EXHIBIT 5.2


                           [CARTER R. TODD LETTERHEAD]


April 22, 2005


Gaylord Entertainment Company
One Gaylord Drive
Nashville, TN 37214

Bass, Berry & Sims PLC
315 Deaderick Street, Suite 2700
Nashville, TN 37238


Ladies and Gentlemen:

         I have acted as counsel to the entities listed on Schedule I hereto in
connection with the public offering of up to $225,000,000 aggregate principal
amount of 6.75% Senior Notes Due 2014 (the "New Notes") of Gaylord Entertainment
Company (the "Company") that are to be guaranteed on an unsecured senior basis
(the "Guarantees") by the subsidiaries of the Company listed on Schedule I
attached hereto (the "Guarantors") (the subsidiary guarantors other than those
organized under the laws of Delaware or Tennessee set forth on Schedule I
attached hereto being collectively referred to herein as the "Subsidiaries").
The New Notes are to be issued pursuant to an exchange offer (the "Exchange
Offer") in exchange for a like principal amount and denomination of the
Company's issued, outstanding and unregistered 6.75% Senior Notes Due 2014 (the
"Old Notes"), as contemplated by the Registration Rights Agreement dated as of
November 30, 2004 (the "Registration Rights Agreement"), by and among the
Company, the Guarantors, Deutsche Bank Securities, Inc., Banc of America
Securities LLC, Citigroup Global Markets Inc. and CIBC World Markets Corp.

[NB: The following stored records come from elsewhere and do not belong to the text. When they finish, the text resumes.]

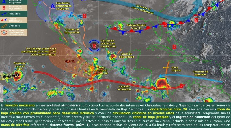 Leer másEste día, el monzón mexicano en combinación con inestabilidad atmosférica, propiciará lluvias puntuales intensas en Chihuahua, Sinaloa y Nayarit; muy fuertes en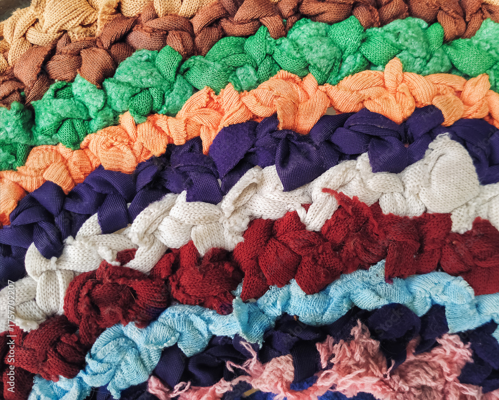 Close-up of a colorful handmade rug woven from many different strips of fabric. The background is a vintage antique floor covering with an abstract pattern.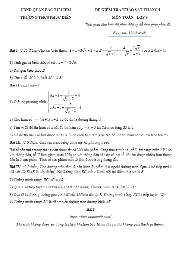 Đề khảo sát Toán 9 tháng 1 năm 2020 trường THCS Phúc Diễn – Hà Nội
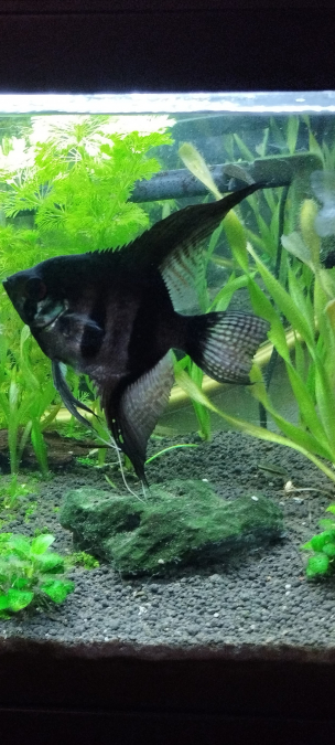 Je donne mon scalaire, il m'a été offert il y a quelque temps. Depuis il a bien grandi est mon aquarium est devenu étroit. Il est âgé de 4 ans.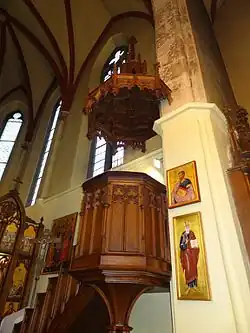 Хоры созданы в псевдо-готическом стиле, их окружает выразительный, полностью обновленный карниз. Из карниза выходят держатели сводовых ребер, а под ними расположены консоли современного типа. Держатели имеют чашевидные капители, которые покрыты резными виноградными и капустными листьями. На колоннах нефов есть ещё листья липы. Сохранились колонны посередине двух продольных стен и в западных углах.

The
Old Notes were issued, and the New Notes will be issued, under an Indenture,
dated as of November 30, 2004, as supplemented by a Supplemental Indenture dated
December 30, 2004 (collectively, the "Indenture"), by and among the Company, the
Guarantors and U.S. Bank National Association as Trustee (the "Trustee").

         In connection with this opinion, we have examined originals or copies,
certified or otherwise identified to our satisfaction, of (i) the Registration
Statement on Form S-4 of the Company relating to the Exchange Offer, as filed
with the Securities and Exchange Commission (the "Commission") on April 22,
2005 (such Registration Statement, as amended to date, being hereinafter
referred to as the "Registration Statement"); (ii) an executed copy of the
Registration Rights Agreement; (iii) an executed copy of the Indenture; (iv) the
Form T-1 of the Trustee filed as an exhibit to the Registration Statement; (v)
the form of the New Notes; and (vi) executed copies of the Guarantees included
in the Indenture. The New Notes, the





Indenture and the Guarantees are referred to herein as the "Transaction
Documents." I also have examined and relied upon originals or copies, certified
or otherwise identified to my satisfaction, of such records, documents,
certificates and other instruments as in my judgment are necessary or
appropriate in order to express the opinions hereinafter set forth.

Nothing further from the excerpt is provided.